Technique can detect congestion before symptoms arise


Highlights

• Lung ultrasound can detect asymptomatic lung congestion in dialysis patients and can predict their risk of dying prematurely or experiencing heart attacks or other cardiac events.

• Treating asymptomatic lung congestion may help improve cardiovascular health and prevent cardiovascular deaths in dialysis patients.

• Lung congestion is highly prevalent and often asymptomatic among patients with kidney failure.


Washington, DC (February 28, 2013) — Asymptomatic lung congestion increases dialysis patients' risks of dying prematurely or experiencing heart attacks or other cardiac events, according to a study appearing in an upcoming issue of the Journal of the American Society of Nephrology(JASN). The study also found that using lung ultrasound to detect this congestion helps identify patients at risk.

Lung congestion due to fluid accumulation is highly prevalent among kidney failure patients on dialysis, but it often doesn't cause any symptoms. To see whether such asymptomatic congestion affects dialysis patients' health, Carmine Zoccali, MD (Ospedali Riuniti, Reggio Calabria, Italy) and his colleagues measured the degree of lung congestion in 392 dialysis patients by using a very simple and inexpensive technique: lung ultrasound.

Among the major findings:

• Lung ultrasound revealed very severe congestion in 14% of patients and moderate-to-severe lung congestion in 45% of patients.

• Among those with moderate-to-severe lung congestion, 71% were asymptomatic.

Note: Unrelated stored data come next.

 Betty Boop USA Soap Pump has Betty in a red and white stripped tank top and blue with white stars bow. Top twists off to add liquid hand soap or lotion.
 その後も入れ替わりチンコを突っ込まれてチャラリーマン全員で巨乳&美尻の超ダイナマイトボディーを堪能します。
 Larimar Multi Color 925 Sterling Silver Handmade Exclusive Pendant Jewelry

• Compared with those having mild or no congestion, those with very severe congestion had a 4.2-fold increased risk of dying and a 3.2-fold increased risk of experiencing heart attacks or other cardiac events over a two-year follow-up period.

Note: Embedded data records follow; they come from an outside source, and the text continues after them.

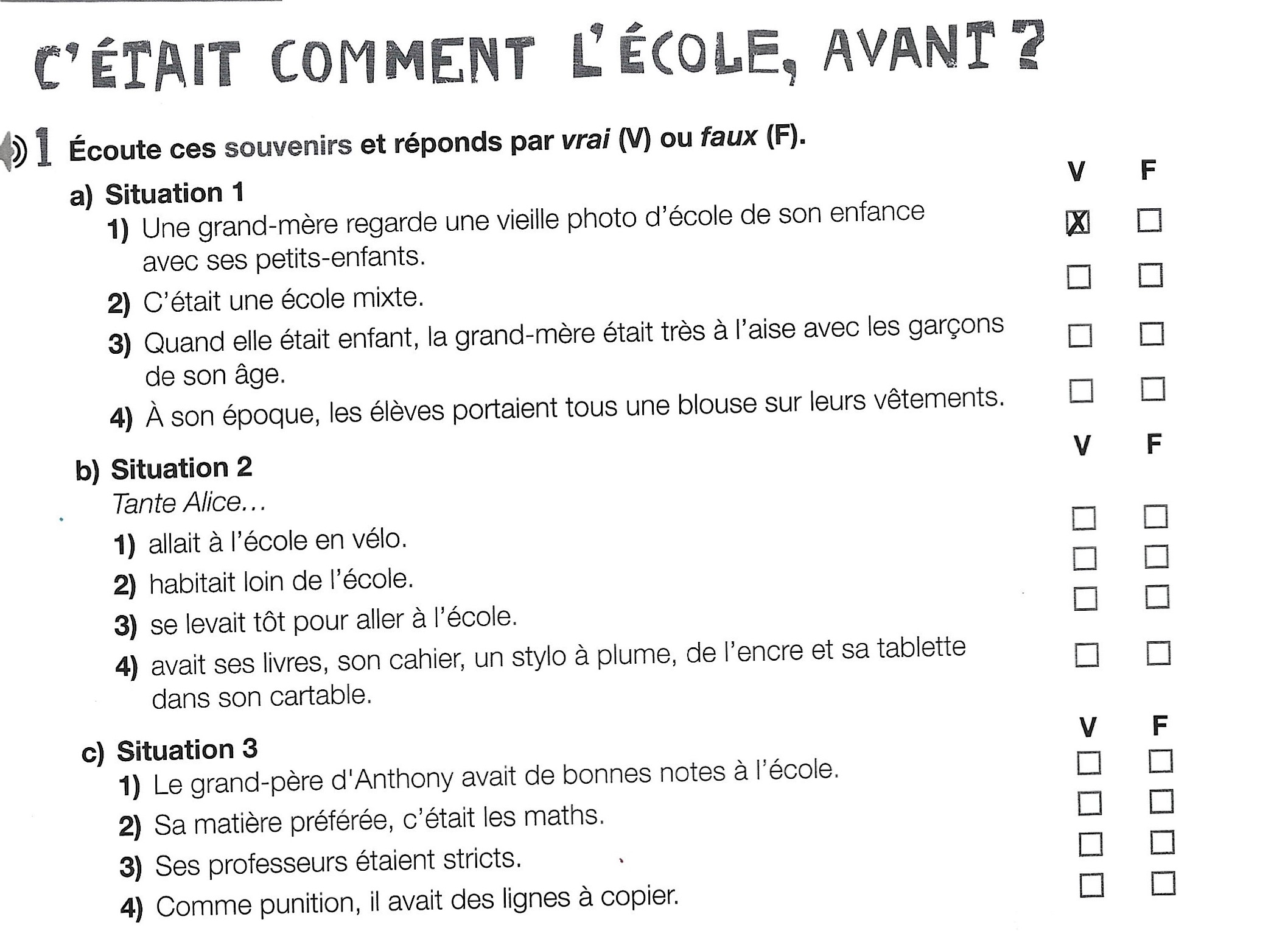 Souvenirs d'enfance (exercice vrai ou faux)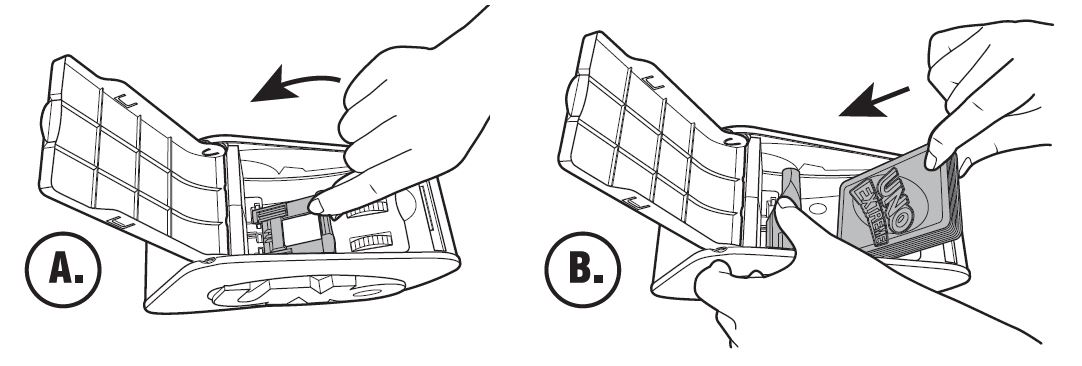 B.カードを伏せてカードランチャーの中のレバーの下に入れます。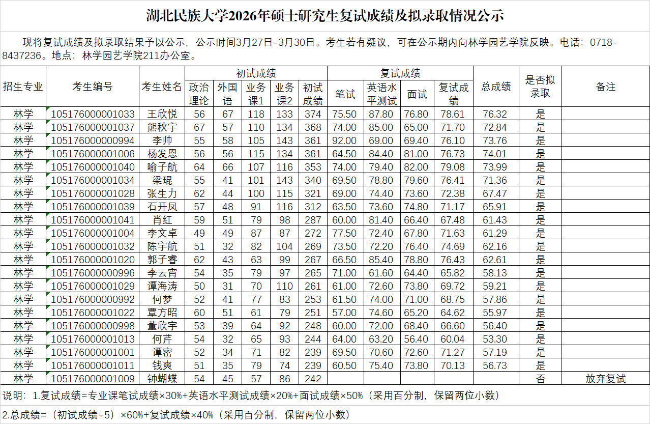 林学园艺学院2026年硕士研究生复试成绩及拟录取情况公示(第一志愿)

• Asymptomatic lung congestion detected by lung ultrasound was a better predictor of patients' risk of dying prematurely or experiencing cardiac events than symptoms of heart failure.

The findings indicate that assessing subclinical pulmonary edema can help determine dialysis patients' prognoses. "More importantly, our findings generate the hypothesis that targeting subclinical pulmonary congestion may improve cardiovascular health and reduce risk from cardiovascular death in the dialysis population, a population at an extremely high risk," said Dr. Zoccali. Fluid in the lungs may be reduced with longer and/or more frequent dialysis.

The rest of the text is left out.